Grace Fraser (Kidman) and her husband Jonathan (Grant) appear to have it all, living an enviable existence in New York, with their home among the rarefied addresses of the Upper East Side of Manhattan. Their jet-set neighbours make millions on Wall Street, but the Frasers are an admirably modern couple very much on the side of the angels: she deals out hard-hitting truths as a couples therapist, while he’s a heroic paediatric oncologist.

Yet their perfect image is set to unravel when a mother from their son’s school is found beaten to death after a parents’ fundraiser – with Jonathan soon to be numbered among the prime suspects for the killing, especially when he suddenly goes missing.

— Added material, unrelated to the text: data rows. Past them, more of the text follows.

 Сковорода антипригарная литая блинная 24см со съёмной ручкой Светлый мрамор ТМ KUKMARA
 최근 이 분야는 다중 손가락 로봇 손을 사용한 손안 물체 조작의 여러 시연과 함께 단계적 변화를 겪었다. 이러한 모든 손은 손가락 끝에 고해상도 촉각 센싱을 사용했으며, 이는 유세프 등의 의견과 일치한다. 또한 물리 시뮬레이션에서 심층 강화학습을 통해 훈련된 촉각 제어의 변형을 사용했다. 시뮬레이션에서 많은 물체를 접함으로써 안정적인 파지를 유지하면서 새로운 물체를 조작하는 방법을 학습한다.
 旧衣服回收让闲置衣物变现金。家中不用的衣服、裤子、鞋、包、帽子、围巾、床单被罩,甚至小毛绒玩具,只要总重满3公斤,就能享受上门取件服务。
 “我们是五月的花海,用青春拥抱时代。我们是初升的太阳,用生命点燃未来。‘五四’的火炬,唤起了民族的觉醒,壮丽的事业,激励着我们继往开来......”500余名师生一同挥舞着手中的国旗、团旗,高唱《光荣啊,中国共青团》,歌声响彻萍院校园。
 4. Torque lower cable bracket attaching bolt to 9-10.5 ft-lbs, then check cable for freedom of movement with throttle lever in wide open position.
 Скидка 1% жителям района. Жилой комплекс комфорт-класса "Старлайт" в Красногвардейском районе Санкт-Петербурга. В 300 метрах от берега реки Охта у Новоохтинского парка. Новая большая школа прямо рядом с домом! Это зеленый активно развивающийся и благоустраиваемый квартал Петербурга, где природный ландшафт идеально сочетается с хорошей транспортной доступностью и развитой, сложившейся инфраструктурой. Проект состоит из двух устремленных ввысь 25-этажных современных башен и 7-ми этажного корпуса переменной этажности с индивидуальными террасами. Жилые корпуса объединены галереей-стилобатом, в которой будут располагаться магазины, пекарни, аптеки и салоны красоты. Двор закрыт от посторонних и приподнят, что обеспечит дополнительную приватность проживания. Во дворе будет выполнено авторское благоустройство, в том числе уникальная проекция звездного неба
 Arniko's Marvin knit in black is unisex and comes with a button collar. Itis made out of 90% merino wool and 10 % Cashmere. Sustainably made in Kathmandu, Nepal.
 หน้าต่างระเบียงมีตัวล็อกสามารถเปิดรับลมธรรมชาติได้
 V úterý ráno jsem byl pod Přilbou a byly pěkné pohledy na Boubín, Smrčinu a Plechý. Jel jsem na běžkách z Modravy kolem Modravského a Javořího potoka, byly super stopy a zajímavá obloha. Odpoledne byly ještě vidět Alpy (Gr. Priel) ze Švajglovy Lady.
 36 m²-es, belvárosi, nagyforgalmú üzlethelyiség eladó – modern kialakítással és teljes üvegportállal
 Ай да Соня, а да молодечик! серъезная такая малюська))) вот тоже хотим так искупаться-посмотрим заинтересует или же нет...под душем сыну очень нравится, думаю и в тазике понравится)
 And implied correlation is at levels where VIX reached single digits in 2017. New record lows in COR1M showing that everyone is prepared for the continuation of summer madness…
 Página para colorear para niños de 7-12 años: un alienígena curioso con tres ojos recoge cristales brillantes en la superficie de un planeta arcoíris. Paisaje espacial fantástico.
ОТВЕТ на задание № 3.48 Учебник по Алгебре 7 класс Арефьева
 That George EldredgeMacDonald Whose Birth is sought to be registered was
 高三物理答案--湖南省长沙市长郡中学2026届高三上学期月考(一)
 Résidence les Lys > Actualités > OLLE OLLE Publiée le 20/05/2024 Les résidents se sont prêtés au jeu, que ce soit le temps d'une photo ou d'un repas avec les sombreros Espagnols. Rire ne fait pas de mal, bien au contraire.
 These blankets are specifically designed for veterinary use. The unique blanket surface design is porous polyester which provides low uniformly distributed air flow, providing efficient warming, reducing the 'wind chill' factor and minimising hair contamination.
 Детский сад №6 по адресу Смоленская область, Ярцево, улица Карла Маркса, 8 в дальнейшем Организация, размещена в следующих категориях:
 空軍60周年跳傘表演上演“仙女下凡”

The six-part thriller has been adapted from the best-selling novel You Should Have Known by Jean Hanff Korelitz and is directed by Susanne Bier (the acclaimed Danish film-maker behind Bird Box and TV’s The Night Manager).

For Kidman it’s another chance to display her nuanced emotional range, as a woman discoverin­g the full measure of her inner strength when pushed to the extremes of adversity and forced to question everything she thought she knew about about her marriage.

As for Grant, he reveals his relish for the dark side that we first saw in his brilliant performanc­e as Jeremy Thorpe in A Very English Scandal.

Again he offsets his considerab­le charm with hints of a hidden villainy, this time to keep us guessing about Jonathan’s true nature, while Sutherland matches the heavyweigh­t acting stakes as Grace’s retired financier father Franklin, who will stop at nothing to protect his daughter and her family.